• **Work instructions**: Transcribe the entries that follow exactly as they appear, minus pictures.

• **Input data**:
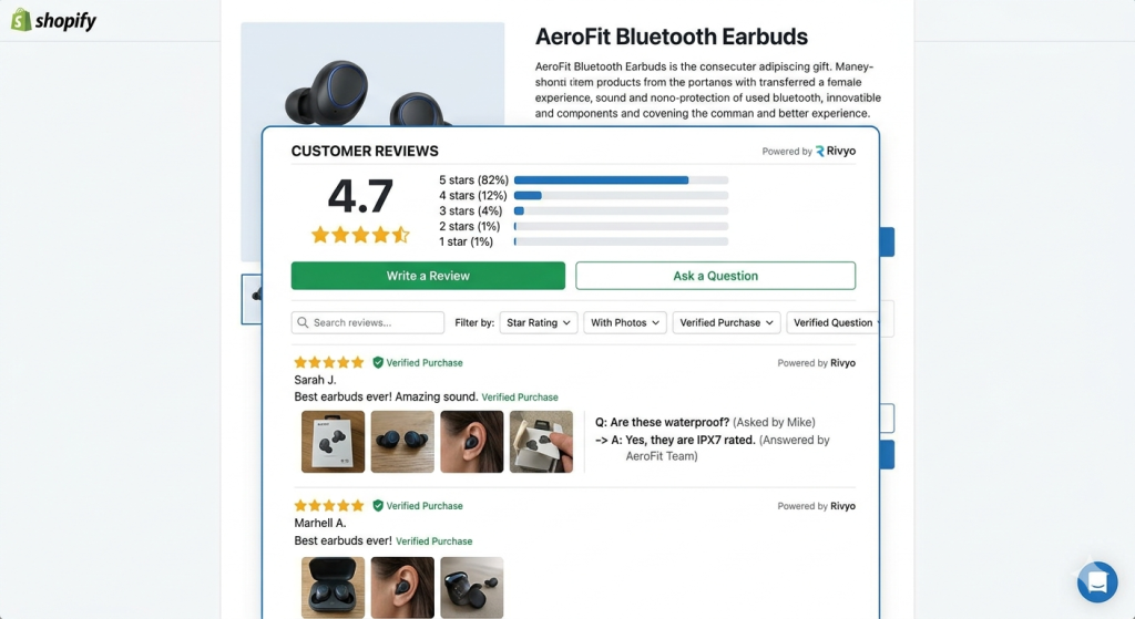 Display is the second half of the equation — and the half most merchants get wrong. Reviews buried below the fold, hidden in a tab, or shown without photos do minimal conversion work. Reviews displayed near the product price, near the add-to-cart button, with a clear star breakdown, photo thumbnails, and verified purchase badges — those converted. Review widgets with search functionality produce a conversion lift compared to static review blocks.
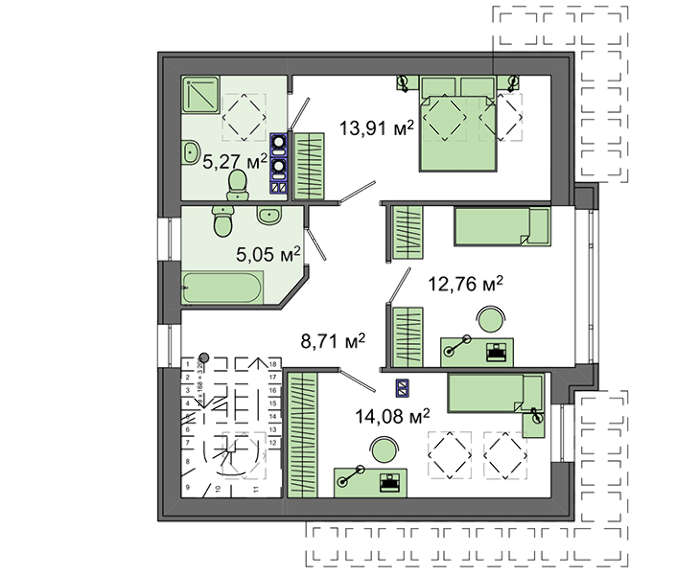 Проект содержит три раздела – Архитектурный, Конструктивный и Инженерный: водоснабжение, отопление, вентиляция, канализация, электроснабжение (приобретается за дополнительную плату) + Пояснительная записка.
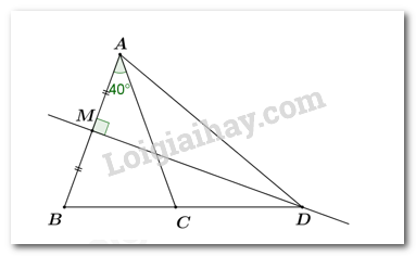Tam giác ABC cân tại A nên \(\angle MBD = \angle ACB = \dfrac{{{{180}^0} – \angle BAC}}{2} = \dfrac{{{{180}^0} – {{40}^0}}}{2} = {70^0}\)
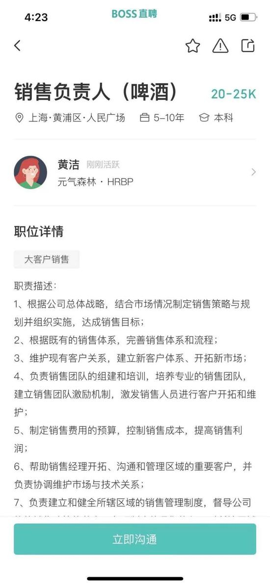 新浪财经也注意到,在Boss直聘上,元气森林已经在默默招聘“酒”类销售。
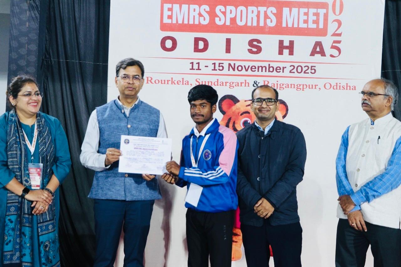 Addressing the occasion, the Commissioner expressed pride in all the student athletes, stating that the National EMRS Sports Meet is an important platform that continues to build confidence, exposure, and opportunity for tribal youth. He emphasized that such initiatives align with the vision of Hon’ble Prime Minister Shri Narendra Modi under the Khelo India movement, which aims to nurture grassroots sports talent, promote a culture of fitness and participation, and transform India into a multi-sporting nation.

• **Solution**:
 Display is the second half of the equation — and the half most merchants get wrong. Reviews buried below the fold, hidden in a tab, or shown without photos do minimal conversion work. Reviews displayed near the product price, near the add-to-cart button, with a clear star breakdown, photo thumbnails, and verified purchase badges — those converted. Review widgets with search functionality produce a conversion lift compared to static review blocks.
 Проект содержит три раздела – Архитектурный, Конструктивный и Инженерный: водоснабжение, отопление, вентиляция, канализация, электроснабжение (приобретается за дополнительную плату) + Пояснительная записка.
Tam giác ABC cân tại A nên \(\angle MBD = \angle ACB = \dfrac{{{{180}^0} – \angle BAC}}{2} = \dfrac{{{{180}^0} – {{40}^0}}}{2} = {70^0}\)
 新浪财经也注意到,在Boss直聘上,元气森林已经在默默招聘“酒”类销售。
 Addressing the occasion, the Commissioner expressed pride in all the student athletes, stating that the National EMRS Sports Meet is an important platform that continues to build confidence, exposure, and opportunity for tribal youth. He emphasized that such initiatives align with the vision of Hon’ble Prime Minister Shri Narendra Modi under the Khelo India movement, which aims to nurture grassroots sports talent, promote a culture of fitness and participation, and transform India into a multi-sporting nation.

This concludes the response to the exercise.